L’actrice de “Candice Renoir” joue le combat d’une mère

Cécile Bois quitte la peau de Candice le temps d'un téléfilm. @Reporters.

Cécile Bois quitte la peau de Candice le temps d’un téléfilm. @Reporters.

Le temps d’un téléfilm, diffusé sur La Une en deux épisodes, Cécile Bois incarne une mère bouleversante de courage qui va tout faire pour sauvez sa fille atteinte d’une maladie rare.

« Tu vivras ma fille », ce n’est pas juste un téléfilm…

Non, l’histoire est inspirée de la vie de Karen Aiach, une française de mon âge. C’était une femme comme les autres, qui a 35 ans, se marie et qui fait un enfant. Lors d’un simple contrôle médical, presque anodin, on détecte une anomalie chez sa fille de 6 mois. On se rend compte qu’elle souffre d’une maladie neurodégénérative qui conduit à la mort à moyen terme. Normalement, cette maladie se décèle vers 4 ou 5 ans. Là, où elle aurait pu être abattue, Karen se dit qu’elle a une chance là où d’autres ne l’ont pas eue, « ma fille n’a que 6 mois donc je suis sûre que je peux faire quelque chose ». Le film raconte le combat de cette femme pour lutter contre l’inéluctable et d’aller au-delà des certitudes scientifiques.

De savoir que le scénario est inspiré d’une histoire vraie, a-t-il changé votre approche de jeu ?

D’avoir la référence ce femme dont le parcours m’impressionnait beaucoup, cela donne une responsabilité que l’on n’a pas lorsqu’on interprète librement un personnage de fiction. Cela m’a fragilisée et je me suis posée beaucoup de questions. Je ne savais pas si je devais coller au plus près de ce qu’elle était ou me laisser une marge de jeu. J’ai compris que de me laisser ma liberté d’interprétation me permettrait d’aller sûrement plus loin que de suivre simplement son parcours.

Avez-vous rencontré Karen Aiach, la femme que vous incarner ?

Oui, j’ai eu cette chance. Nous avons un peu échanger par écrit avant le tournage. Elle n’était pas vraiment impliquée dans le projet. Même si elle était très contente que cela se fasse car nous allions parler de la maladie de sa fille, de la maladie de Sanfilippo. Elle était contente que nous rendions public toutes les recherches qu’elle fait. Elle est venue sur le plateau de tournage pour faire un peu de figuration pour que l’on ai son image dans le film. Elle est venue de façon extrêmement discrète déposer son fil dans le tissage du film.

Vous êtes vous-même maman, est-ce compliqué émotionnellement de jouer une maman confrontée à la maladie de sa fille?

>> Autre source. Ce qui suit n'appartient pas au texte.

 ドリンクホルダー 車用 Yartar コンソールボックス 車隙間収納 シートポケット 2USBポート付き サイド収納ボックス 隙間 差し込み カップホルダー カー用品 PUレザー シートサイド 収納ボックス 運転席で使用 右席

Oui, je ne l’aurais pas joué comme cela si je n’avais pas été maman. Il y a beaucoup dans mon interprétation de mon instinct de mère.

Etait-ce agréable de jouer avec un bébé, même si cela implique certaines contraintes de tournage ?

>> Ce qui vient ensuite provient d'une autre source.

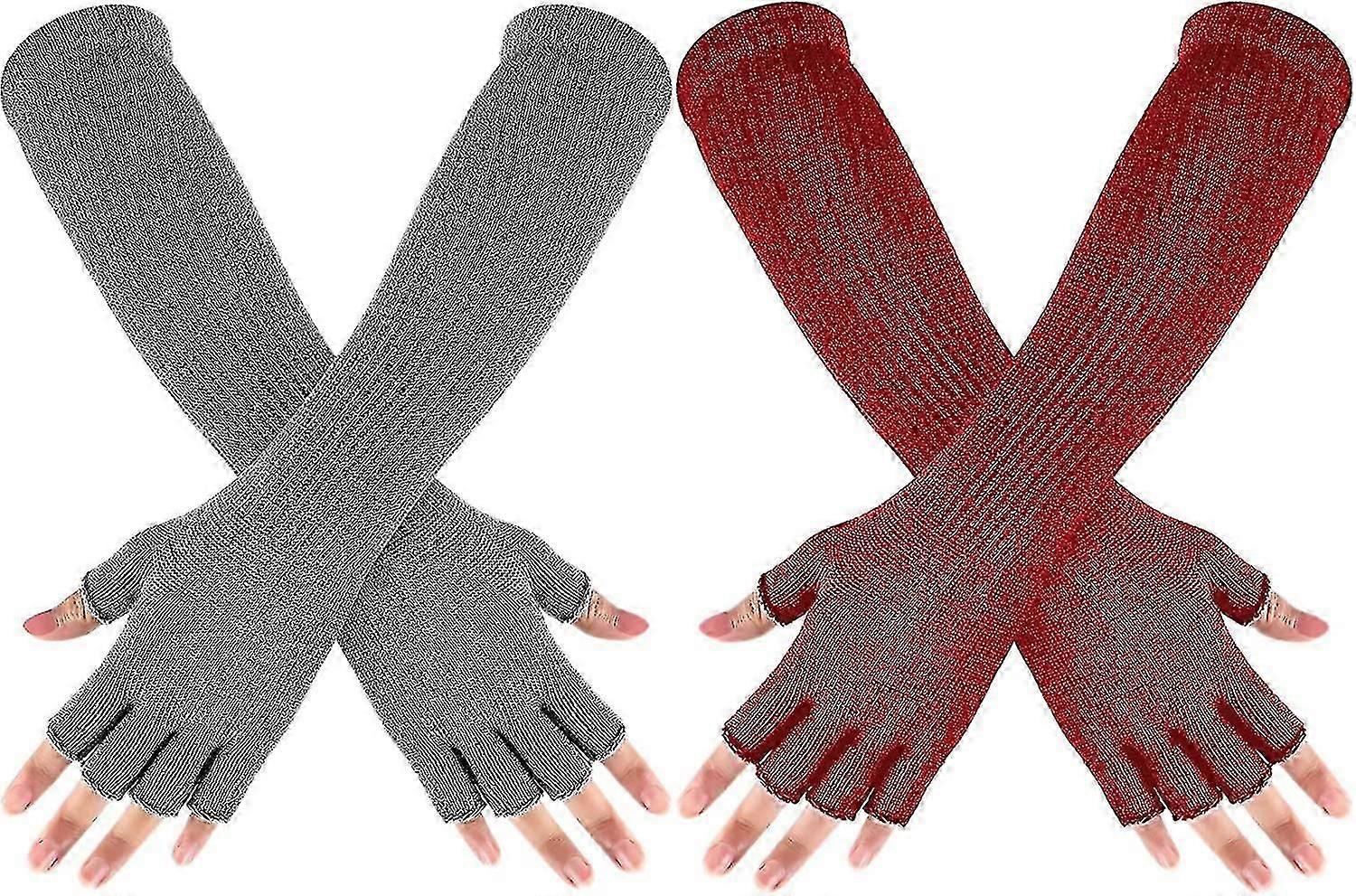 Althee 2 Pairs Winter Fingerless Gloves Long Thermal Knitted Mittens Stretchy Arm Warmers Half Finger

Nous avons tourné avec plusieurs enfants. Nous avons eu des bébés mais aussi des enfants plus jeunes. Ce n’était pas contraignant. Arié Elmaleh a une relation géniale avec les enfants, ils l’aiment beaucoup. Les choses se sont faites naturellement. Moi j’ai aimé prendre à nouveau dans mes bras des bébés! Malgré le sujet, j’ai beaucoup de scènes de combat, de discussions scientifiques, qu’avec les enfants.

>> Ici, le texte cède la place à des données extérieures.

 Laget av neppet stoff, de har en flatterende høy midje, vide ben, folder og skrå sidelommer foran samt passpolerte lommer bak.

Justement, quelle facette du monde scientifique vous a le plus surpris?

Je ne suis pas familiarisée à l’univers scientifique comme l’est Karen. Mais ce qui m’a marqué dans cette histoire, c’est ce monde assez machiste de la science. Quand une femme tente de venir s’y imposer et qu’elle n’est pas scientifique elle-même, c’est très compliqué de se faire entendre et de s’imposer. Et puis les scientifiques, aussi savants soient-ils, sont des personnes qui à force de travailler avec des chiffres en perdre un peu d’âme. Pour certaines d’entre eux mais heureusement pas pour tous, il y a une froideur étonnante face aux cas qu’ils traitent.

Cela vous a-t-il fait du bien de vous éloigner un peu de Candice Renoir ?

Oui, bien sûr. C’est un des arguments qui m’a poussée à faire ce film, de m’éloigner de Candice si bien au niveau de l’univers que de son personnage. Pour trouver du plaisir à Candice Renoir, il faut que j’aille gambader dans d’autres prés. Sinon j’aurais le sentiment d’être enfermée dans un seul et quand l’on se sent enfermé, on n’a plus de plaisir. Il faut que je me sente libre d’aller me promener  dans d’autres prés.